**Dataset extract:**
■ ■ ■ ■ ■

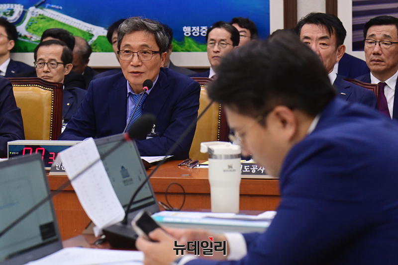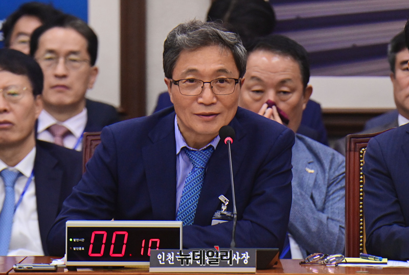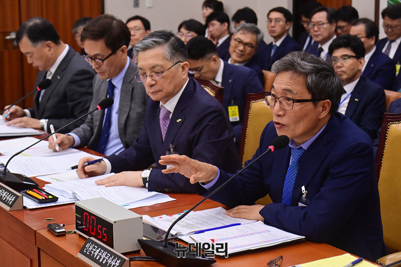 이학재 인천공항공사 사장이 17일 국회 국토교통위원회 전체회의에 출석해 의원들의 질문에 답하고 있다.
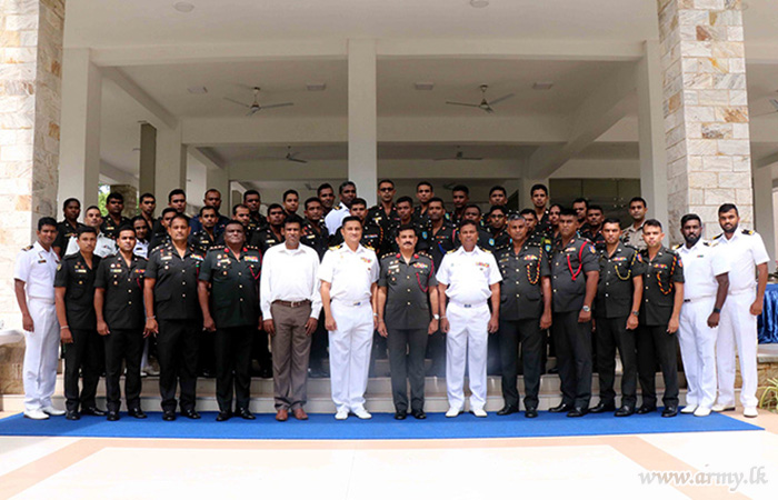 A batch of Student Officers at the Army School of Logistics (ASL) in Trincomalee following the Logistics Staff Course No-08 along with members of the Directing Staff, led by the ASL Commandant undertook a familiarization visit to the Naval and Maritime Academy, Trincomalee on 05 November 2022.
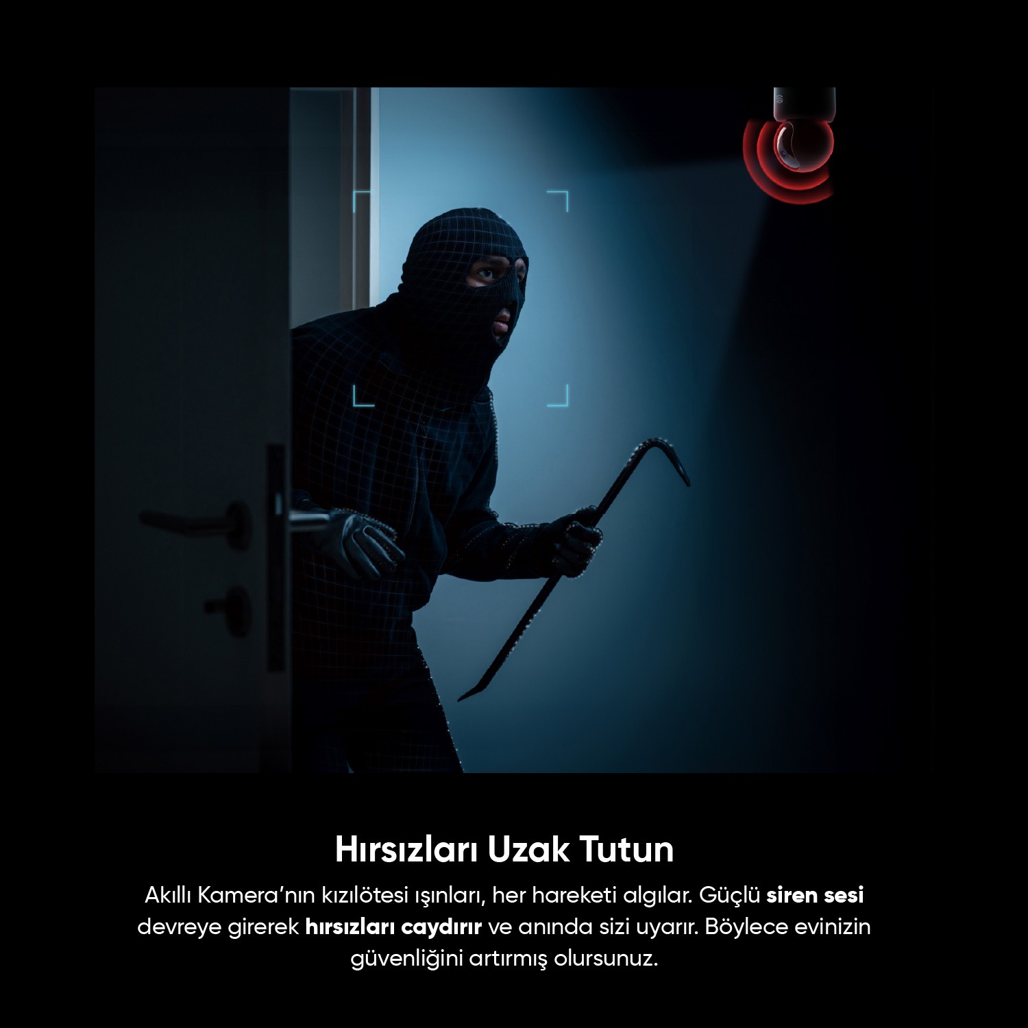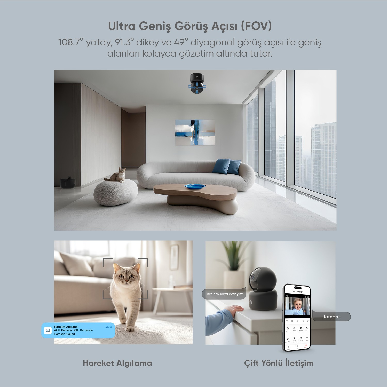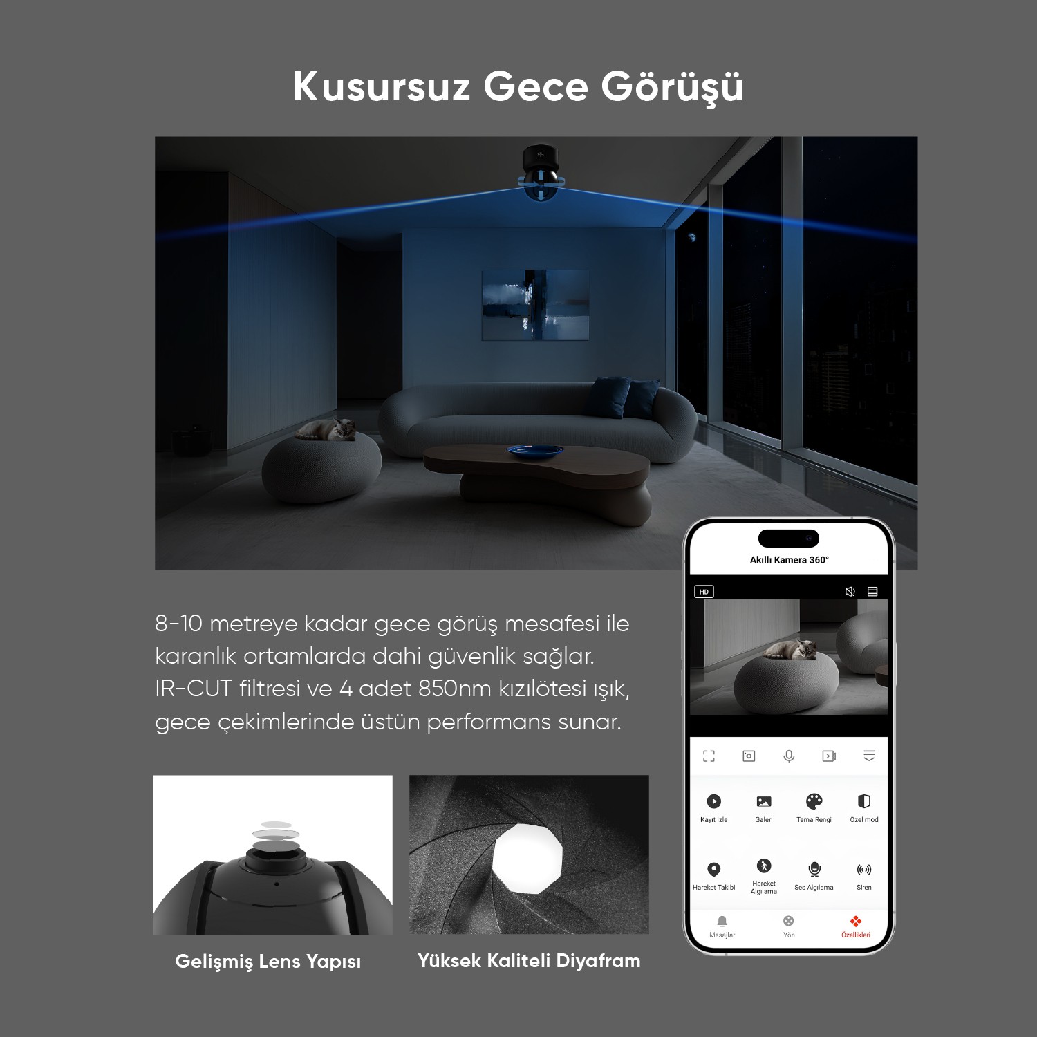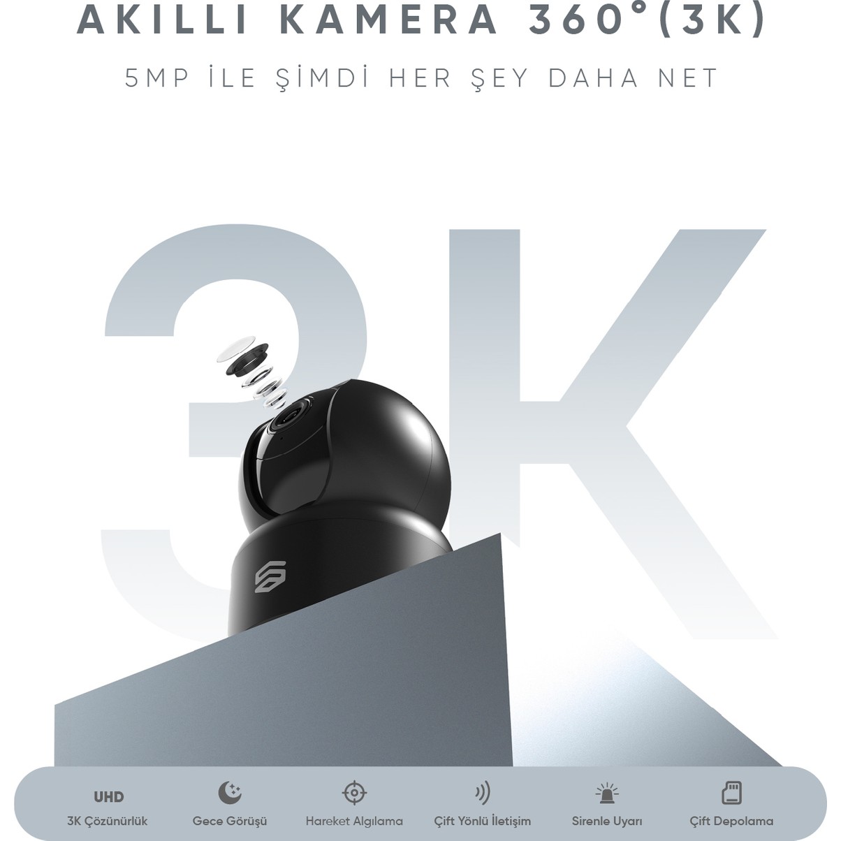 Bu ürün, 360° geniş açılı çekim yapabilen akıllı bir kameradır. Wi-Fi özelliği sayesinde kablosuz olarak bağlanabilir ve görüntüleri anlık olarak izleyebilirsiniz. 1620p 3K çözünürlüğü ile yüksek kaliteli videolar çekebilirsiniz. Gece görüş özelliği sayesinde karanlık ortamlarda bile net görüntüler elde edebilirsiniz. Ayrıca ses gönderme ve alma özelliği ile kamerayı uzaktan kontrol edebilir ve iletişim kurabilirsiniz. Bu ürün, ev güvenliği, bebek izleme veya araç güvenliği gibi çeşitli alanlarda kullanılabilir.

■ ■ ■ ■ ■

**Exercise details:** Return exactly the lines that begin with the one containing "A batch of Student" and end with the final line of the data above; include no pictures.

**Your solution:**
 A batch of Student Officers at the Army School of Logistics (ASL) in Trincomalee following the Logistics Staff Course No-08 along with members of the Directing Staff, led by the ASL Commandant undertook a familiarization visit to the Naval and Maritime Academy, Trincomalee on 05 November 2022.
 Bu ürün, 360° geniş açılı çekim yapabilen akıllı bir kameradır. Wi-Fi özelliği sayesinde kablosuz olarak bağlanabilir ve görüntüleri anlık olarak izleyebilirsiniz. 1620p 3K çözünürlüğü ile yüksek kaliteli videolar çekebilirsiniz. Gece görüş özelliği sayesinde karanlık ortamlarda bile net görüntüler elde edebilirsiniz. Ayrıca ses gönderme ve alma özelliği ile kamerayı uzaktan kontrol edebilir ve iletişim kurabilirsiniz. Bu ürün, ev güvenliği, bebek izleme veya araç güvenliği gibi çeşitli alanlarda kullanılabilir.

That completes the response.